A dupla voou por mais algum tempo e quando Straga de repente se calou, Bashenga imediatamente temeu que ele tivesse dito algo para revelar demais seus pensamentos.

“Deixe-me perguntar algo…” Straga começou. “O motivo pelo qual você está chateado… tem algo a ver com o bebê?”

Bash torceu o nariz com nojo. “Sua insistência constante de que estou em um estado emocional desagradável é cansativa e não tem base na realidade. Eu. Estou. Bem.”

“Por que você está mentindo para mim? Eu não estou fazendo nada além de tentar te ajudar. Somos irmãos.”

“Eu não preciso de sua ajuda ou de qualquer outra pessoa… E, evidentemente, parece que ‘família’ não é meu forte.”

Straga sentiu que estava chegando mais perto do cerne da questão.

“Você e Thea brigaram talvez sobre isso?

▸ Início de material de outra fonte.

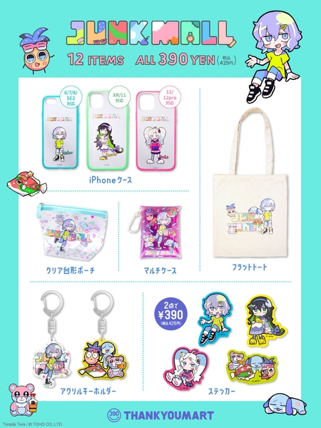 Twitterフォロワー約28万の「さくしゃ2」をはじめ、イラストレーター「寺田てら」と「東宝」が共同開発したIP「ジャンクモール」。オタク女子ステッカーが話題となり入荷即完売の人気イラストレーター「フォーティーン」の雑貨アイテムを展開。
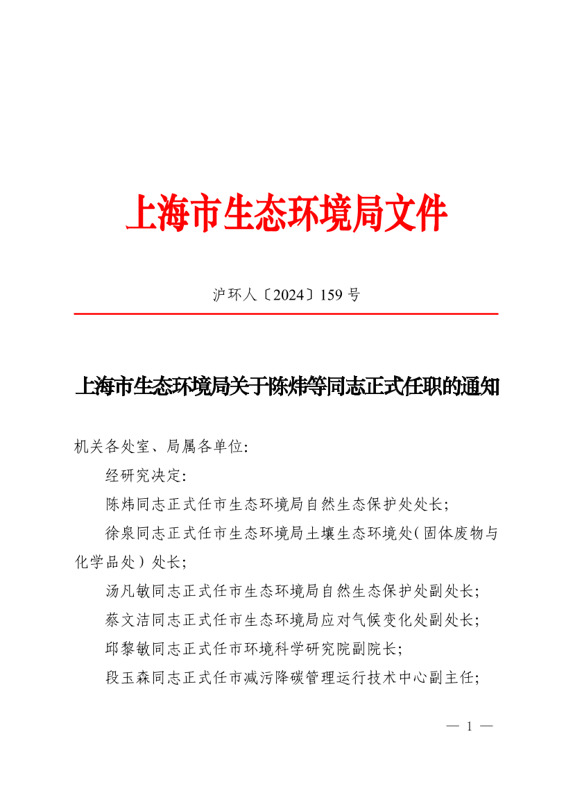 陈炜同志正式任市生态环境局自然生态保护处处长;
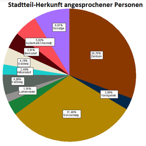 Mit diesem Artikel möchten wir Ihnen eine kleine Übersicht über unsere Arbeit der letzten Jahre geben. Als Projekt sollen wir offene Ohren für die Anwohnerschaft auf dem Sonnenberg und im Stadtzentrum haben sowie bei Problemen helfen. Melden Sie sich also gern, wenn Sie etwas umtreibt! Zudem ist es unsere Aufgabe, Integrationsprozesse zu erleichtern und das gute Zusammenleben im Viertel zu befördern. Dazu führen wir auch Entdeckungstouren über den Sonnenberg durch. Geben Sie das gern an entsprechende Personen weiter, die noch nicht lange hier leben und nach Orientierung suchen.
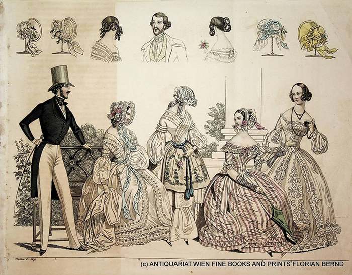 Mode 1839, Allgemeine Moden-Zeitung Tafelnummer 36 Leipzig, 1839. original Kupferstich, handkoloriert, Blatt ca. ca. 28,5 x 21,5 cm. original antique print, Mode handkoloriert Fashion Prints Hand colored fashion engraving Mode Modedarstellung handkoloriert Fashion Prints hand colored fashion engraving.
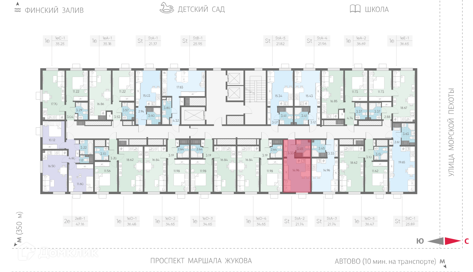 «Морская миля» – это новый проект компании «ЛСР», жилой комплекс комфорт-класса возводится у побережья реки Красненькая, в окружении водоемов, впадающих в Финский залив. В состав проекта войдет десять 25-этажных корпусов. Дома различаются по оттенкам, в облицовке фасадов используют качественный материал «Rockwool», обладающий высокими утепляющими свойствами. Симметричное расположение зданий и четкая пропорциональность формируют полноценный комфортный квартал, объединенный общей концепцией. Все общественные зоны квартала спроектированы по принципу безбарьерной среды, широкие двери в парадные позволят легко передвигаться с покупками, самокатом или велосипедом. Естественное освещение холлов в дневное время сменяется на мягкий свет от ламп по вечерам, для комфорта предусмотрены колясочные комнаты, диспетчерские зоны и кладовые помещения, где можно будет оставить бытовые принадлежности или сезонные вещи. Вдоль всего квартала будет проходить пешеходный бульвар с ландшафтным озеленением и скамьями для отдыха. В центральной части, огороженной от машин, появится детская площадка, зона отдыха с беседками, навесами и арт-объектами, уличный воркаут-стадион с тренажерами и футбольным полем, детский сад, школа и коммерческие точки с кофейнями, продуктовыми магазинами, салонами красоты и другими объектами инфраструктуры.Планировки квартир эргономичны и разнообразны, есть как небольшие классические студии, так и семейные квартиры с двумя отдельными спальнями. Лоты евроформата с большими кухнями-гостиными отлично подойдут для проведения семейных ужинов или мероприятий, в более просторных вариантах спроектировано несколько санузлов, а высота потолков достигает 2,55 м. На выбор предлагается 2 варианта чистовой отделки: светлая «Comfort Stone» и более темная «Comfort Wood». В отделку включена установка сантехники, проведение коммуникаций.В районе есть 3 станции метро: «Автово», «Кировский завод» и «Ленинский проспект», скоро на расстоянии 350 метров построят еще одну станцию «Юго-Западная» («Казаковская»). Для автомобилистов предусмотрен удобный выезд к ЗСД, от комплекса можно легко добраться до центра Санкт-Петербурга, аэропорта «Пулково» или живописного Петергофа. «Морская миля» строится в развитом Красносельском районе, в ближайшей округе находятся развлекательные, спортивные и торговые центры, ВУЗы, театр «Левендаль», музей Анны Ахматовой «Серебряный век» и музей Оранэлы. За 10 минут можно добраться до парков «Южно-Приморский», «Полежаевский» и «Александрино», неподалеку расположен город Петергоф, который славится своим заповедником у моря.Сделка оформляется с помощью эскроу-счета. Способы оплаты: 100% оплата, квартира в зачет, материнский капитал, субсидии, ипотека.
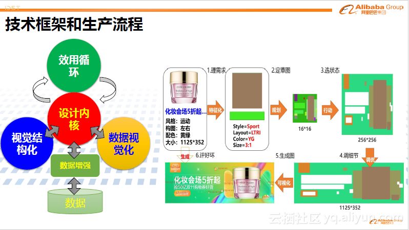 其技术框架如下图左侧。首先对视觉内容进行结构化理解,如分类、量化、特征化。其次通过一系列学习、决策变成满足用户需求的结构化信息即数据,最后将数据转化成可视的图像或视频。这一框架依赖于大量的现有数据。其核心是一个设计内核。同时,引入效用循环,利用使用后的反馈来不断迭代和改进系统。
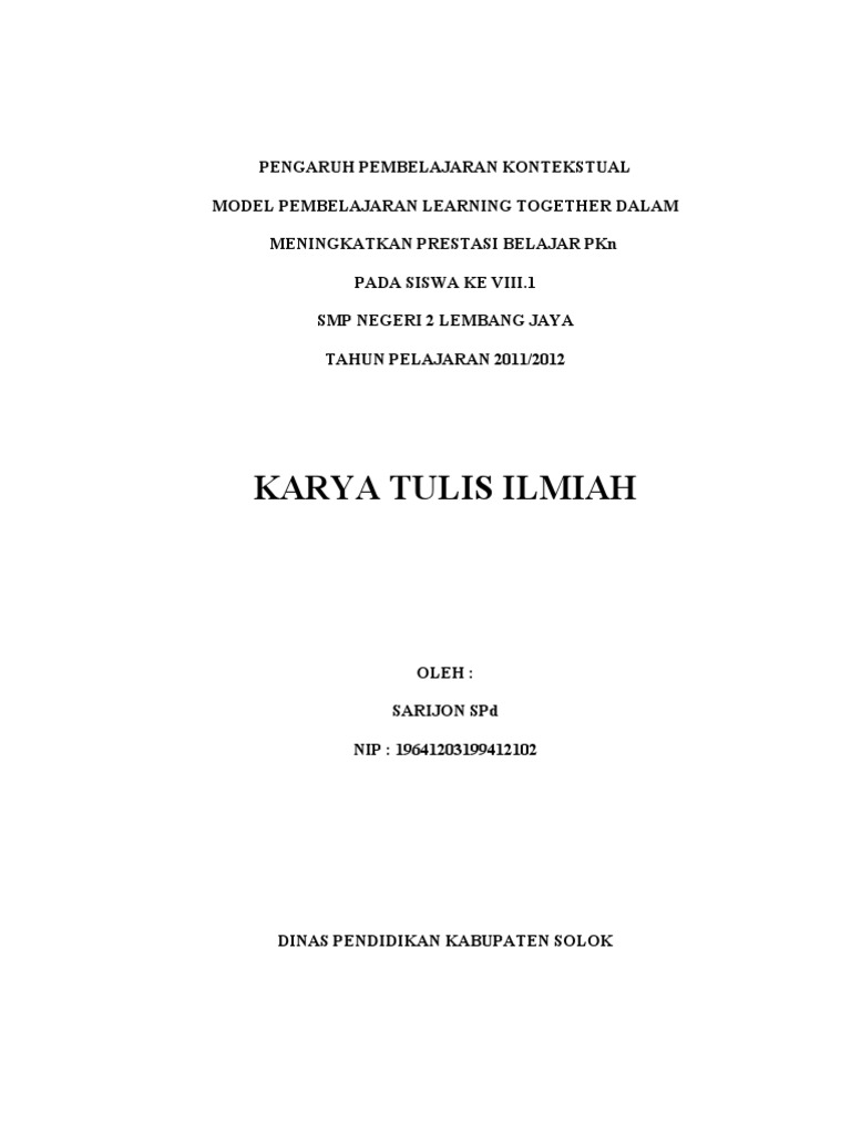 CONTOH PROPOSAL PENELITIAN TINDAKAN KELAS MATA PELAJARAN PKn SMP - Tempat Wisata Indonesia
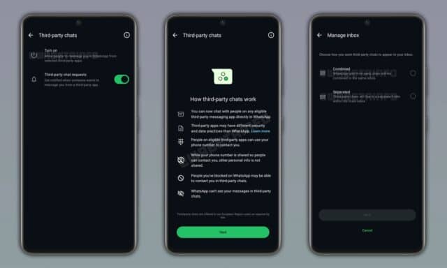 Los chats de terceros en WhatsApp admitirán funciones esenciales como enviar mensajes, fotos, videos, mensajes de voz y documentos. Los usuarios pueden gestionar los mensajes entrantes utilizando una bandeja de entrada combinada o separada, según sus preferencias. Las opciones de personalización incluyen notificaciones push, calidad de carga de medios y alertas en la aplicación para adaptar la experiencia. Si bien ciertas funciones nativas, como actualizaciones de estado, pegatinas y mensajes que desaparecen, no son compatibles, WhatsApp garantiza un sistema de comunicación multiplataforma simple y seguro.
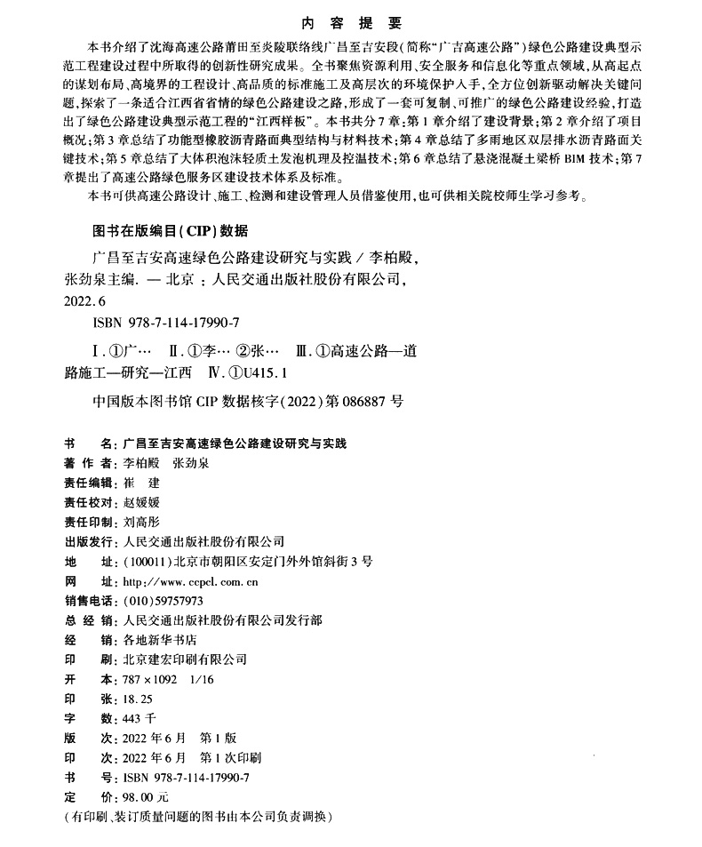 书名:广昌至吉安高速绿色公路建设研究与实践
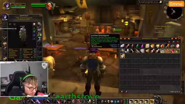 07:06:31Der Streamer optimiert seine Ausrüstung: Er verkauft unnötige Items (z.B. Wolfsstoff, überflüssiges Essen) und craftet Lederrüstungen. Ein Zuschauer gibt ihm Taschen als Trainingsunterstützung, die er bewusst nur für Übung nutzt. Beim Crafting priorisiert er Effizienz – Kochen von Gewürzen, Erstellen von Sets – und analysiert Schadenswerte von Waffen. Er reflektiert über das Suchtpotential von WoW und die positive Community, die ihn trägt.
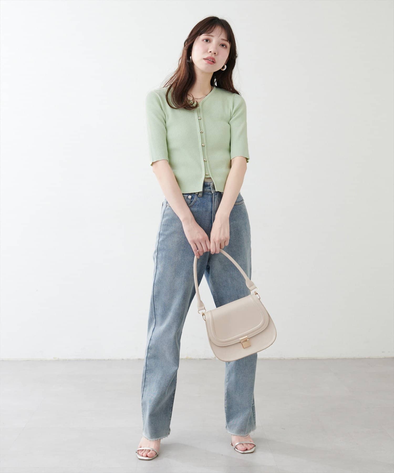 シンプルなデニムにさっと合わせるだけで程良いカジュアルダウンのコーデが決まります。
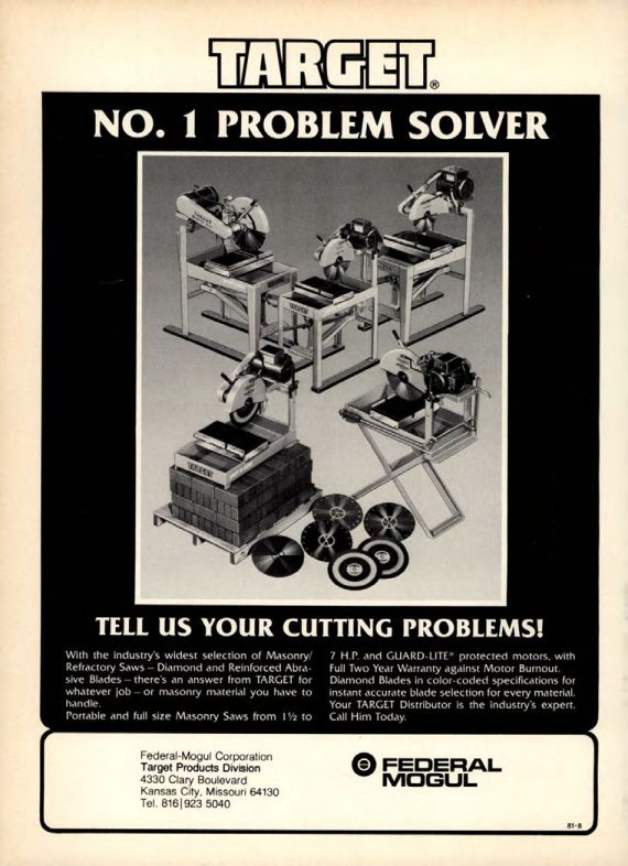 Portable and full size Masonry Saws from 1½ to 7 H.P. and GUARD-LITE* protected motors, with Full Two Year Warranty against Motor Burnout. Diamond Blades in color-coded specifications for instant accurate blade selection for every material. Your TARGET Distributor is the industry's expert. Call Him Today.
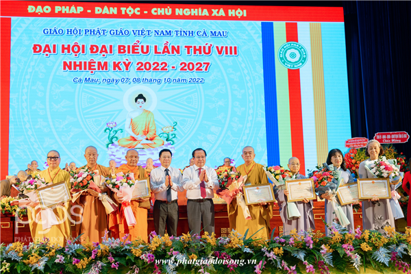 Để Tán dương công đức tinh thần phụng sự của toàn thể thành viên Ban Trị sự, dịp này, HĐTS GHPGVN, UBND tỉnh Cà Mau đã tặng nhiều Bằng Tuyên dương Công đức, Bằng khen đến các tập thể, cá nhân BTS GHPGVN tỉnh đã có những đóng góp tích cực cho các hoạt động Phật sự trong nhiệm kỳ qua.
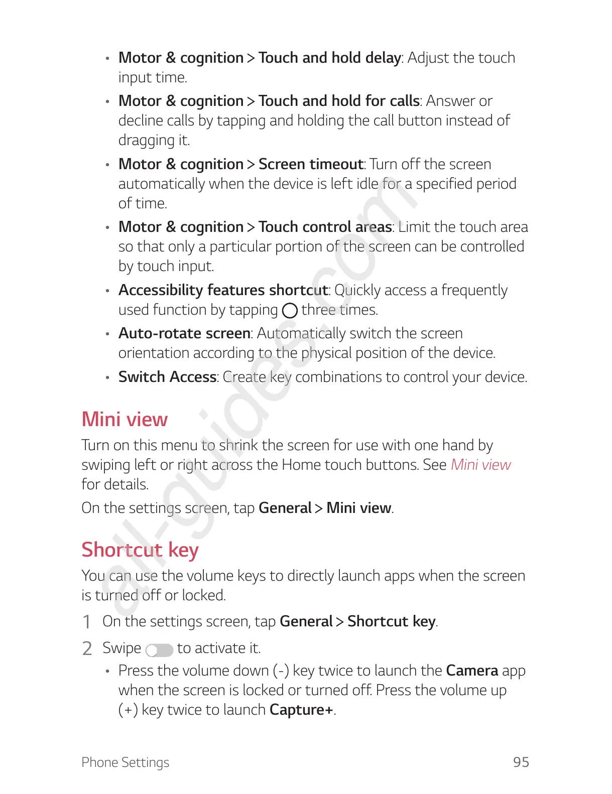 A Motor & cognition Touch and hold delay: Adjust the touch
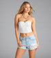 Sunshine days call for a bestie like this cropped tube top! It's designed with a trendy decor insert and a fitted silhouette that flaunts your figure.
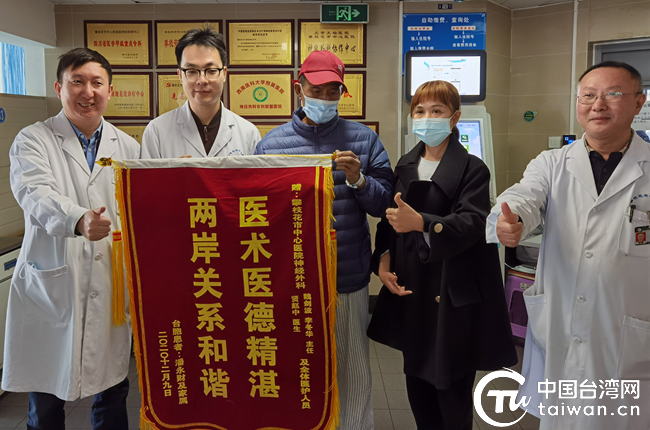 中國(guó)臺(tái)灣網(wǎng)12月21日訊 12月10日上午,臺(tái)商潘先生的妻子范女士將一面寫有“醫(yī)術(shù)醫(yī)德精湛 兩岸關(guān)系和諧”的錦旗送到了四川攀枝花市中心醫(yī)院神經(jīng)疾病中心,對(duì)該中心醫(yī)護(hù)人員一個(gè)多月以來對(duì)潘先生的精心治療和細(xì)心照護(hù)表示感謝。
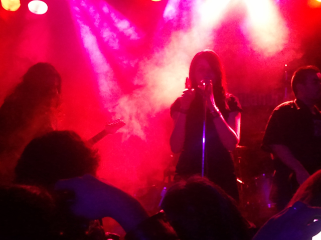 Leaves se mueven en una onda de metal gótico y doom ambiental muy interesante. Enseguida destaca la voz de Raquel, con un estilo muy expresivo y muy buena técnica y que curiosamente recuerda por momentos a Björk. En cuanto salieron a escena ya vimos un serio problema y fue que la voz estuvo un poco baja, y claro, la música está muy centrada en la creación de ambientes un tanto etéreos y oscuros en los que la voz en el eje. A favor tuvimos que tanto el dúo de guitarras como el bajo sonaron con mucha potencia y claridad.

Ela disse algo para te incomodar?”

“ELA não é o problema!” Bashenga estalou.

Straga permaneceu imperturbável e continuou a pressionar. “Então é você então?”

Bashenga sempre foi um pouco mais suave com Thea e Courtney do que com seus outros irmãos. Ele até permitia que elas ficassem em seu espaço por quase uma hora inteira às vezes antes de expulsá-las.

Courtney era a irmã que parecia achá-lo genuinamente interessante e legal. Mesmo que ele não entendesse por quê.

Mas Thea era… a personificação perfeita de uma irmã mais velha.

Ela era carinhosa de uma maneira diferente de um pai. Ela era divertida. Relatável. Quente.

Era razoável pensar que uma briga com ela teria deixado ele de mau humor.

“O que quer que esteja acontecendo, você e Thea sempre podem se reconciliar. Ela nunca nos abandonou quando precisávamos dela antes-”
“Pare. De. Falar.”

Bash sentiu seu sangue ferver enquanto seu corpo reagia.

Seu braço se tornou grande o suficiente para que ele pudesse agarrar o corpo inteiro de Straga com uma mão.

Ele continuou a aplicar pressão; espremendo o corpo do irmão como uma criança faria com um pacote de suco.

Ele odiava seu irmão por fazer perguntas. Ele odiava a si mesmo por permitir que ele entrasse em seu espaço mental. E ele odiava ter que se lembrar da expressão no rosto de sua irmã quando ele partiu.

“Isso te faz sentir melhor?”

Bashenga vacilou.

Straga manteve um contato visual inabalável com seu irmão que não era nem zangado nem confuso.

“Se isso te ajuda, então você pode fazer o que quiser… só não espere que eu reaja. Não vou levantar as mãos contra você quando você está assim. Não é assim que nossa família funciona. Não pode ser. Somos tudo o que temos.”

Bashenga foi derrotado sem que um único soco fosse desferido.

E agora, enquanto ele estava diante de seu irmão, não tinha ideia do que era suposto fazer ou dizer em seguida.